CUDA C++ unit testing in host and device code

Is there a unit testing framework (or a plugin to a framework) that supports testing of objects in host and device code? Or are there plans for such a framework?

For example I have a matrix class that has some methods like calculating the determinant or trace. It would be nice to write a test that is automatically run on cpu and in a cuda kernel.
In this example I want to write a test like this:

Matrix a;


assert_eq( theDeterminant, a.det() );

In this simple case a unit testing framework could easily setup code for a kernel to run the test.

Of course, I can write such a code myself, but my question is if there is already a standard way to do this.

There are two options I’ve used:

  1. Declare the device functions also as host functions (you can put both qualifiers on a single function). Then you can unit test your device functions on the host.

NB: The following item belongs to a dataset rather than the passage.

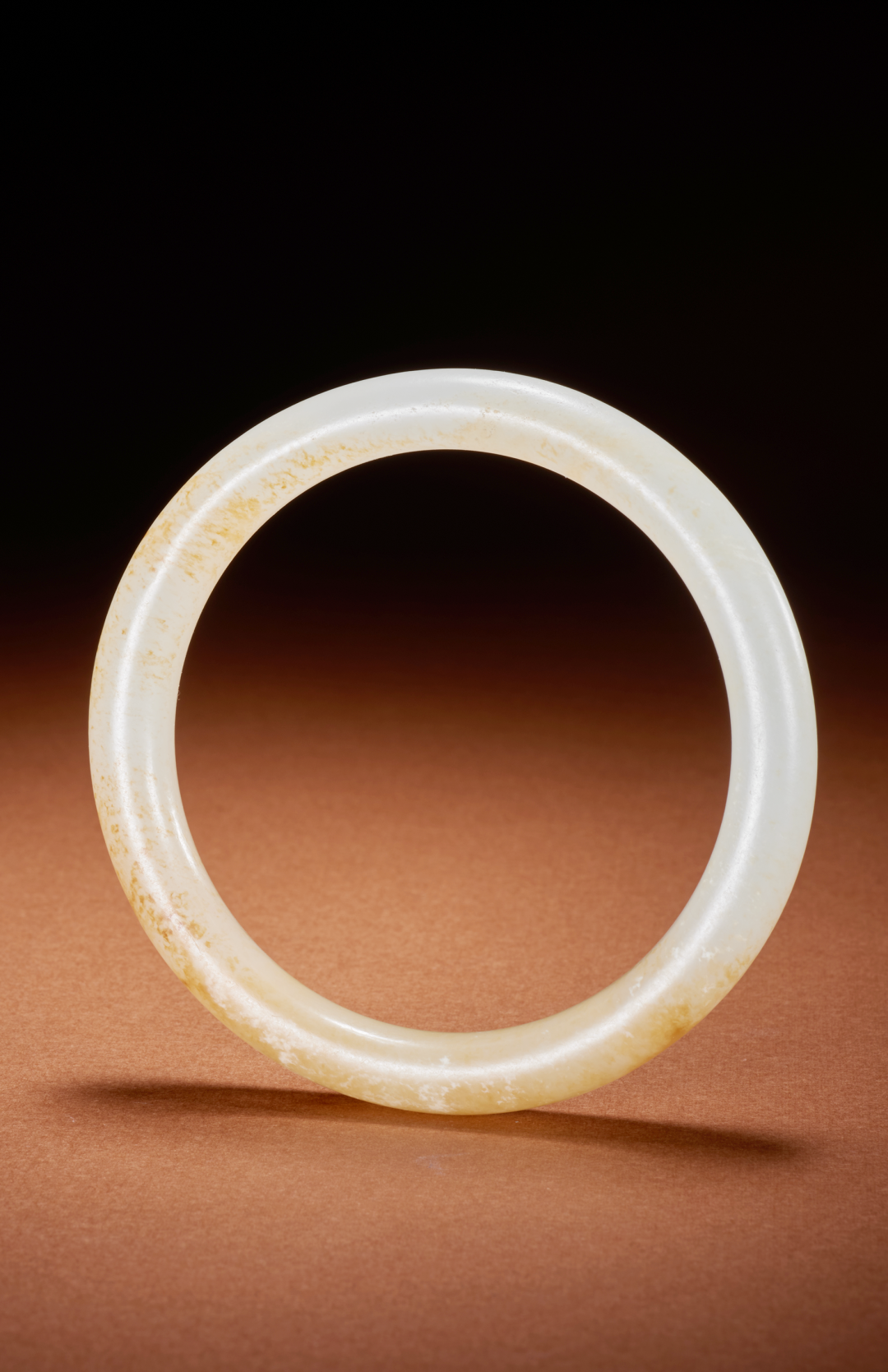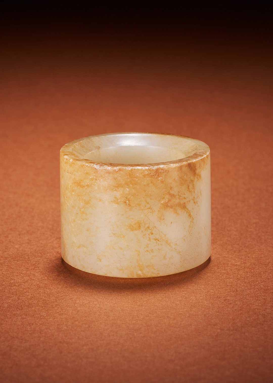 白玉质,温婉细腻,质地紧密,表面受红色沁。通体莹润亮泽,厚重大气,雕工精致,打磨细腻。造型简洁大方,耐人寻味。扳指,又有韘、决之名,古已有之。后演化用来展现拥有者财富、地位。清代乾隆帝在玉配件中尤喜扳指,认为其“恰似环琚”、“德美信堪师”,评价极高,更是将其作为伴随左右的良师益友。

While that verifies the logic at the C level using the host compiler, it doesn’t actually check the behavior of the function on the GPU, and definitely doesn’t work for device functions that contain CUDA specific calls (like __syncthreads() or math intrinsics).

  2. Write test harness with a global function that wraps around each device function. Then you can call the functions from the host (usually just one thread) and again, write your tests in host code.

I haven’t seen anything more streamlined, unfortunately.

  1. That is what I have done up to now. But I want to go a step further to ensure that I do not use c++ techniques that are (currently) not supported in device code (or even simpler: that I forgot to put a device somewhere).

  2. I started doing this, but it means
    a) having an extra test and additionally some setup work for the global function.
    b) writing an abstract test environment. That’s what I did not want to do…

What I do now is something between a) and b): I setup a test function that is executed on host and device and writes some output in a temporary object (along with a isEqual() function). This idea is borrowed from the CUDA branch of the Eigen library (

But I do not like this approach that much because it still means a lot of extra setup which is in principal not necessary.

I know it’s a few years later, but I was wondering this myself. Is there a test framework for CUDA?